Dejarlos estar

| ERNESTO S. POMBO |

OPINIÓN

ALGUNOS creíamos que Galicia es un país con un futuro portentoso. Pensábamos que se están partiendo el espinazo para construirnos un lugar en el que hasta los más quisquillosos fuesen felices. Pero, por lo visto, la cosa no debe ser tan sencilla. O, a lo mejor es que no lo están haciendo bien. Que organizando concursos de misses y levantando mausoleos no se construye el futuro. Un estudio de la Universidad compostelana nos alerta nuevamente de la negritud de nuestro porvenir. Nos dice que a la vuelta de la esquina, en unos 20 años, más de 230 municipios no llegarán a alcanzar los 5.000 parroquianos.
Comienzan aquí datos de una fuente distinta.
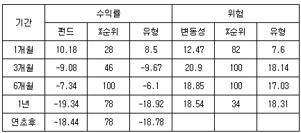 2007³â 2¿ù ¼³Á¤µÅ 1³â¹Ý Á¤µµ ¿î¿ëµÈ ÀÌ ÆÝµåÀÇ ÃÖ±Ù 1°³¿ù ¼öÀÍ·üÀº 10.18%·Î °°Àº ±â°£ -4.91%¸¦ ±â·ÏÇÑ ÇØ¿ÜÁÖ½ÄÇü À¯ÇüÆò±ÕÀ» Å©°Ô »óȸÇÏ´Â ¸ð½ÀÀ» º¸À̰í ÀÖ´Ù. ¶ÇÇÑ ¼ÒºñÀç¼½ÅÍ À¯ÇüÆò±Õ ¼öÀÍ·üÀÎ 8.50% º¸´Ùµµ ³ôÀº ¼º°ú·Î ¼ÒºñÀç¼½ÅÍ ³»¿¡¼µµ ÁÁÀº ¼ºÀûÀ» º¸¿©ÁÖ°í ÀÖ´Ù. ÆÝµåÀÇ À§ÇèÀ» ³ªÅ¸³»´Â º¯µ¿¼ºÀº Àü±¸°£¿¡¼ µ¿ÀÏ À¯Çüº¸´Ù ³ôÀº ÆíÀÌ´Ù.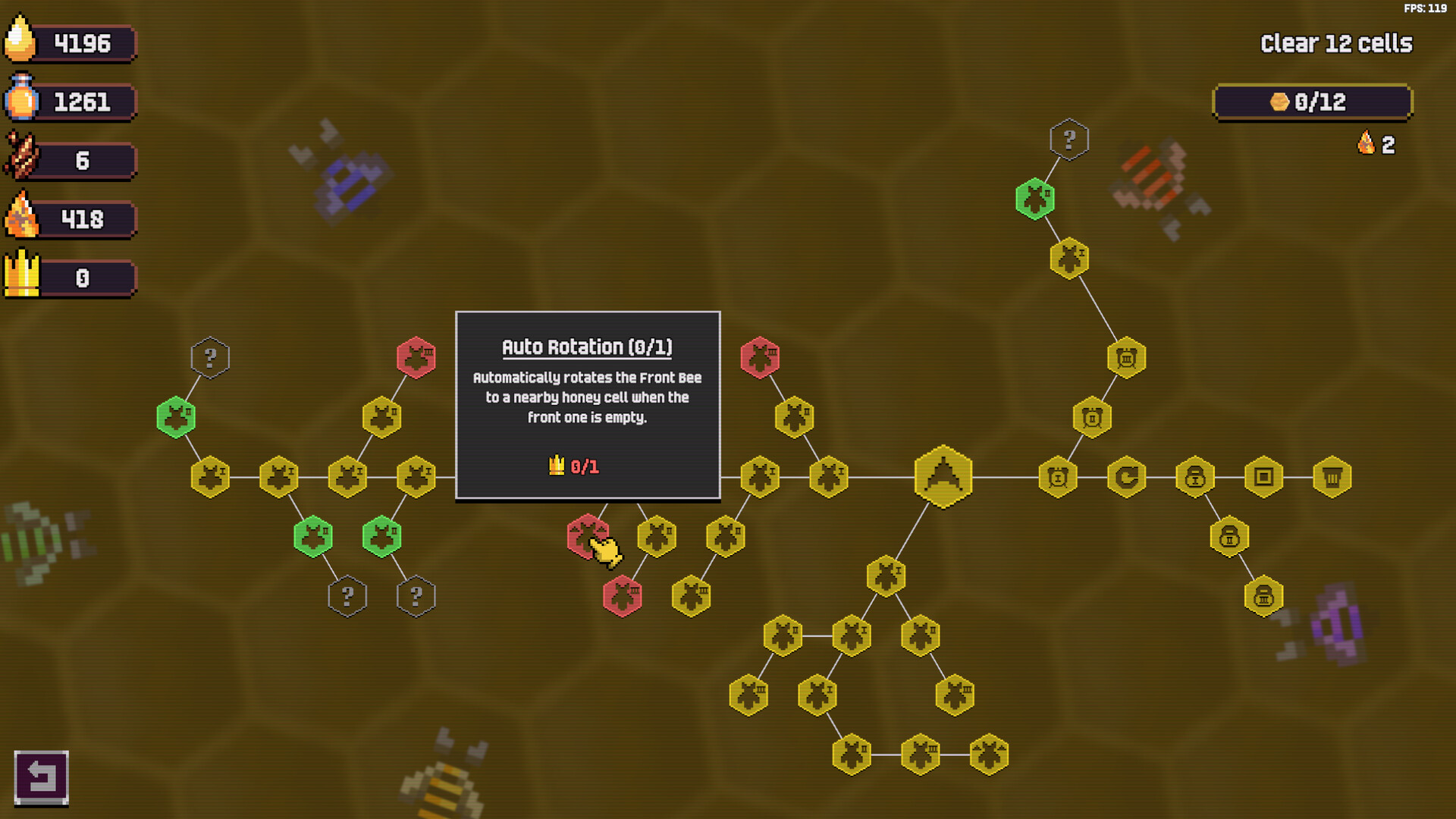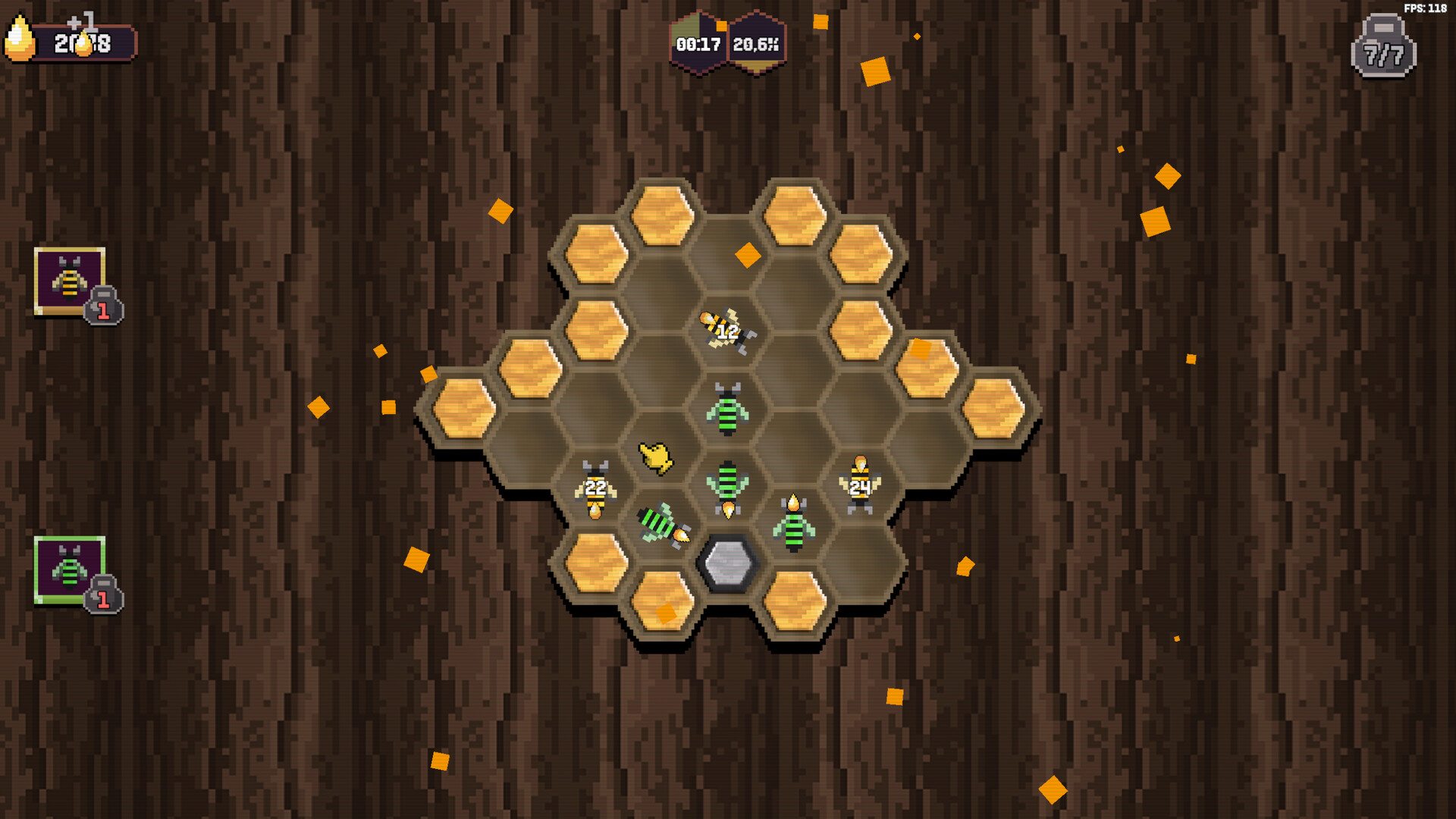 When time runs out, your harvest is not wasted. Spend the resources you gathered on permanent skill tree upgrades that improve your bees and make future runs faster, stronger, and more efficient.

Y que gran parte de las más de 30.000 parroquias y lugares pasarán al recuerdo. Con estos datos, el estudio sirve para abrir un debate sobre la unificación municipal que, según parece, nos vendría al pelo porque permitiría incrementar los gastos por habitante y, por tanto mejorar los servicios y la calidad de vida. Claro que arrancamos con un serio inconveniente. De llevarse a cabo esa fusión, los actuales cargos políticos quedarían reducidos a la cuarta parte. Y esto sí que es un problema. Porque a ver qué hacemos entonces con el hijo, el yerno y con la señora del vecino de arriba. La estructura política municipal gallega se asienta, como todos sabemos, en el acuerdo tácito de « eu vótolle para o concello e vostede fai o demáis» . Que es algo así como que a usted lo voy a hacer un señor, pero a mí tampoco me puede ir mal. Y sobre esta alianza venimos funcionando con total naturalidad. Así que remover ahora esa cuestión puede resultar altamente sensible y hasta peligroso. A ver quien se atreve a decirles a los que comen percebes y toman las copas a cuenta del concello, que hay que ir pensando en largarse. Nos resulta menos violento dejarlos que sigan inaugurando ascensores.